In het stedenbouwkundig plan is rekening gehouden met een goede bereikbaarheid en ontsluiting van het plangebied. Door het plangebied heen komt een hoofdweg te liggen die is aangesloten op de Randweg. De beoogde sportvelden zijn zo dicht als mogelijk tegen de Randweg aan gesitueerd om verkeersopstoppingen in het plangebied te voorkomen. Via de provinciale weg N201 kan men de rijksweg A2 bereiken. Naast de aansluiting op de Randweg is de locatie eveneens aangesloten op de naastgelegen woonwijk. De projectlocatie van Overmeer-Zuid is goed ontsloten.
Conclusie
De Nota Mobiliteit streeft naar een groei van de economie en de ruimte geven aan verkeer en vervoer. Daarbij wil de overheid een gezond leefklimaat creëren voor alle Nederlanders. In het onderhavige plan wordt voldoende ruimte gegeven aan verkeer. Het plangebied is goed ontsloten en aangesloten op het netwerk van provinciale wegen en indirect op het rijkswegennetwerk. Het in de Nota Mobiliteit aangegeven beleid vormt geen belemmering voor de uitvoering van het project Overmeer-Zuid.
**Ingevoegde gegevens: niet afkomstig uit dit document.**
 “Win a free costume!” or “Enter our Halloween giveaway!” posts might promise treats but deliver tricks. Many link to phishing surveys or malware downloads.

3.1.6 Nota Natuur, Bos en Landschap in de 21e Eeuw
In de Nota Natuur, Bos en Landschap in de 21e eeuw (Natuur voor mensen, mensen voor natuur) wordt het beleidskader geschetst voor natuur, bos, landschap en biodiversiteit voor de periode tot 2010. Volgens de nota moeten natuur en landschap een essentiële bijdrage leveren aan een leefbare en duurzame samenleving. De nota vervangt integraal de vier 'groene' nota's (Natuurbeleidsplan, Nota Landschap, Bosbeleidsplan en Strategisch Plan van Aanpak Biodiversiteit) en bouwt voort op de Startnota Ruimtelijke Ordening, de vierde Nota Waterhuishouding en de nota Belvedere. In 'Natuur voor mensen, mensen voor natuur' heeft het kabinet het beleid voor natuur, bos en landschap uitgewerkt binnen de bredere kwaliteitsopgave. Hierbij spelen de volgende motieven een rol:
- een mooi land om te wonen en te werken (beleefbaarheid);
- een goede bescherming van planten, dieren en karakteristieke gebieden (diversiteit);
- een duurzaam gebruik van essentiële voorraden als water, ruimte en biodiversiteit (bruikbaarheid).
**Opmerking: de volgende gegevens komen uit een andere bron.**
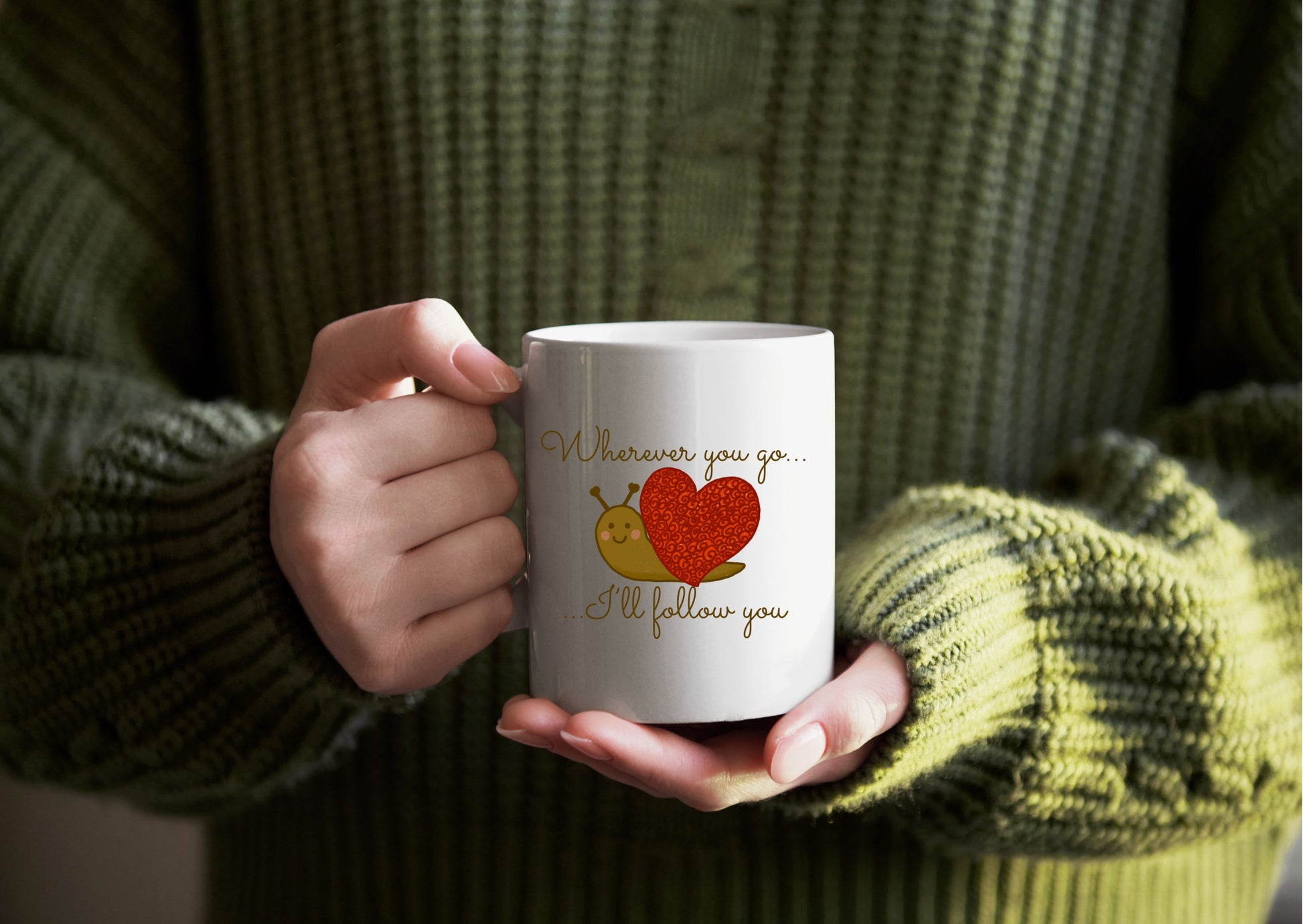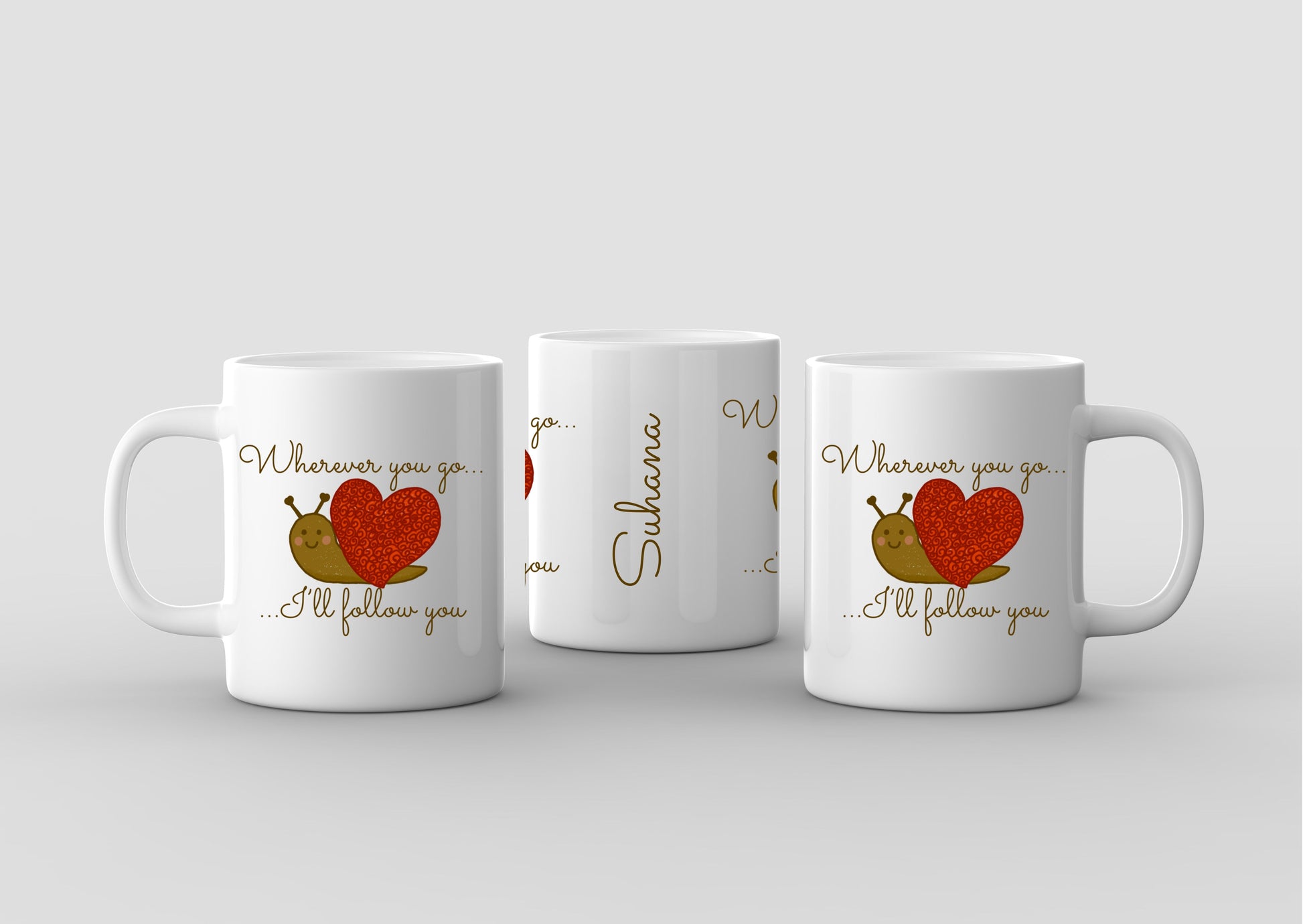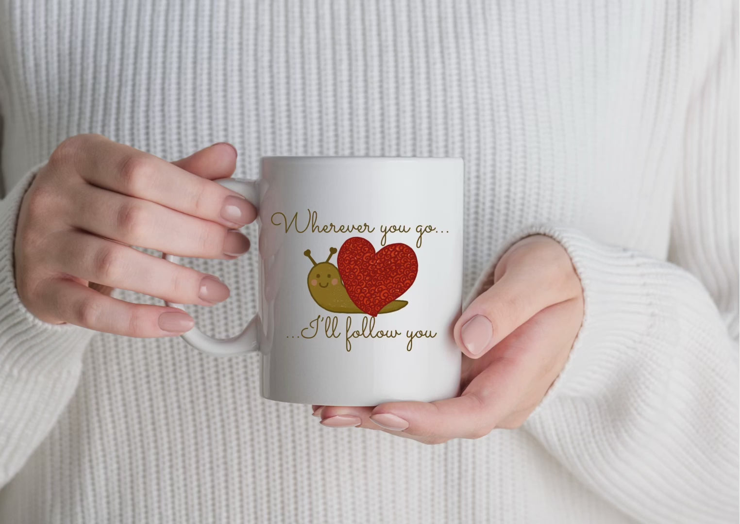 Cute snail Valentine’s Day mug/ “wherever you go I’ll follow you”

De hoofddoelstelling voor het natuurbeleid is: behoud, herstel, ontwikkeling en duurzaam gebruik van natuur en landschap als essentiële bijdrage aan een leefbare en duurzame samenleving. Deze hoofddoelstelling moet gelezen worden in een internationale context en nadrukkelijk gezien worden als een culturele opgave. Het gaat om natuur en landschap voor en door mensen. Dit komt in essentie neer op:
- realiseren van de ecologische hoofdstructuur (EHS) en het op onderdelen versterken hiervan met een accent op 'natte onderdelen' en op verbetering van de ruimtelijke samenhang en de milieukwaliteit;
- versterken van de landschappelijke identiteit en kwaliteit en voortzetten/uitbouwen van het beleid met betrekking tot groen om de stad met het oog op meervoudig ruimtegebruik en ontwikkelingsgerichte landschapsaanpak;
- inzetten op behoud en duurzaam gebruik van biodiversiteit, zowel nationaal als internationaal.
Conclusie
In het plan is in voldoende mate rekening gehouden met het aspect groen. Middels een juiste verhouding tussen groen en de overige functies wil men bijdrage aan een kwalitatieve en leefbare leefomgeving. Door de beperkte schaal ervan zal de bijdrage van het project aan het landelijk beleid zoals beschreven in de Nota Natuur, Bos en Landschap 21e eeuw echter minimaal zijn.